Greater Sydney is the most populous metropolitan area in Australia and Oceania. Located in the state of New South Wales, it encompasses the state capital, Sydney, including the City of Sydney local government area (LGA), and the surrounding built-up areas. Greater Sydney covers an area stretching from Hawkesbury and the Northern Beaches in the north, to the Blue Mountains in the west, and to Wollondilly, Campbelltown and Sutherland in the south.

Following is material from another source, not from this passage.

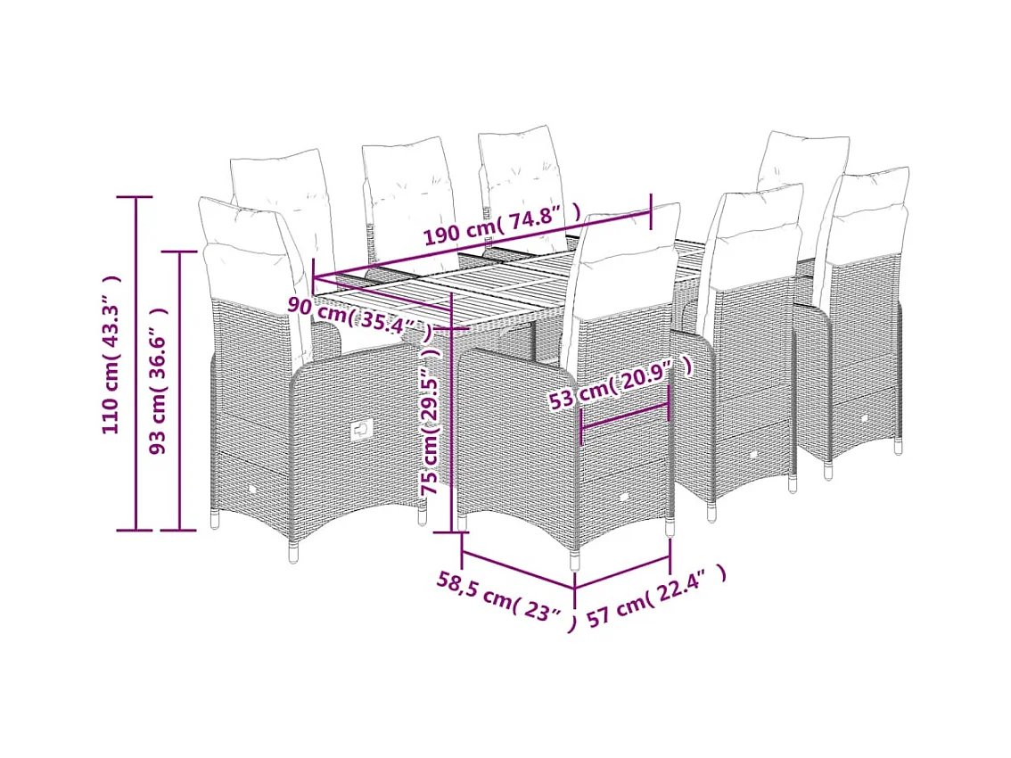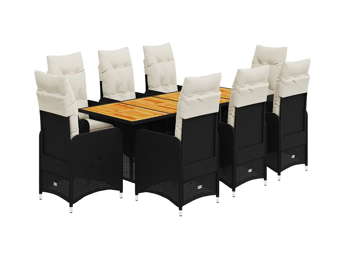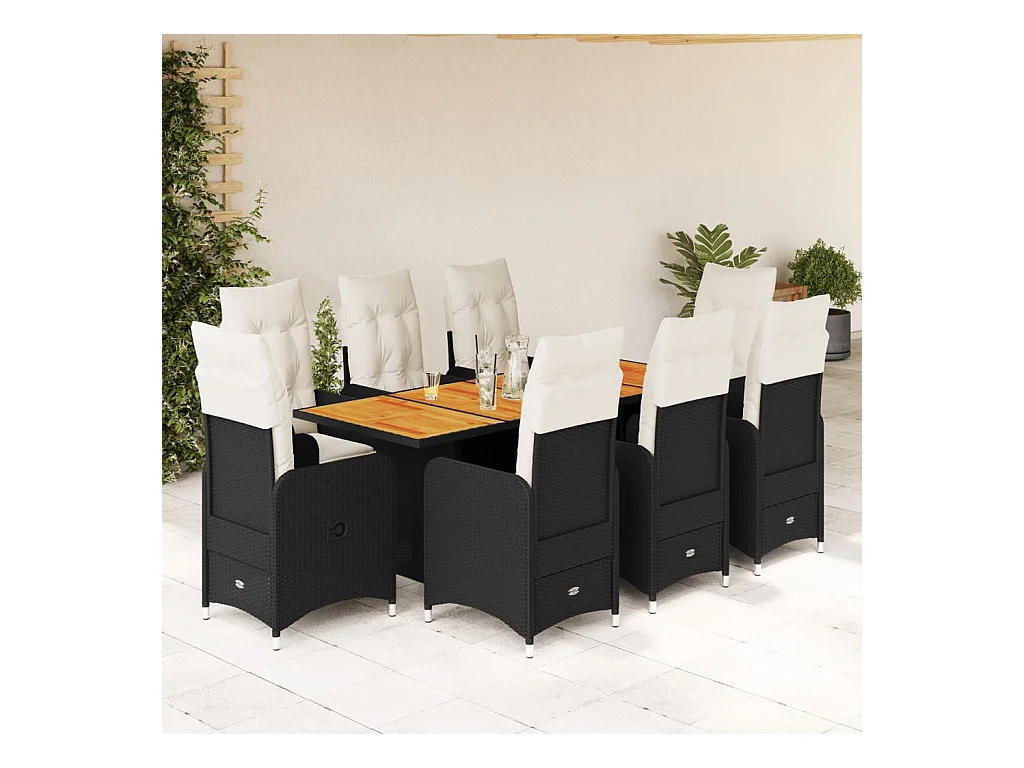 Ensemble de bistro de jardin 9 pcs coussins noir poly rotin

Under the New South Wales Greater Cities Commission (formerly the Greater Sydney Commission), the Greater Sydney Region, along with Newcastle, the Central Coast and Wollongong, will constitute a Sandstone Mega-region that will make up 70% of the New South Wales population and 25% of the national population.

== History ==
A Greater Sydney had been proposed several times prior to its eventual formation, usually curtailed by some form of national crisis.
There had been a Labor Party Greater Sydney Bill before the NSW legislature, defeated because of the controversy over conscription during the Boer War.
A Bill proposed by William McKell that had stalled in committee failed outright when the Lang government fell.
Labor Party proposals of the 1940s fell by the wayside because of World War 2.
An early 1960s proposal was opposed by moves to instead create a City of North Sydney, and was quashed outright by the Liberal Party government of Robert Askin in 1965.

==Definitions==
In its broadest definition, Greater Sydney covers the city of Sydney in addition to four neighbouring regions: the Blue Mountains, the Hawkesbury, Macarthur and Wollondilly.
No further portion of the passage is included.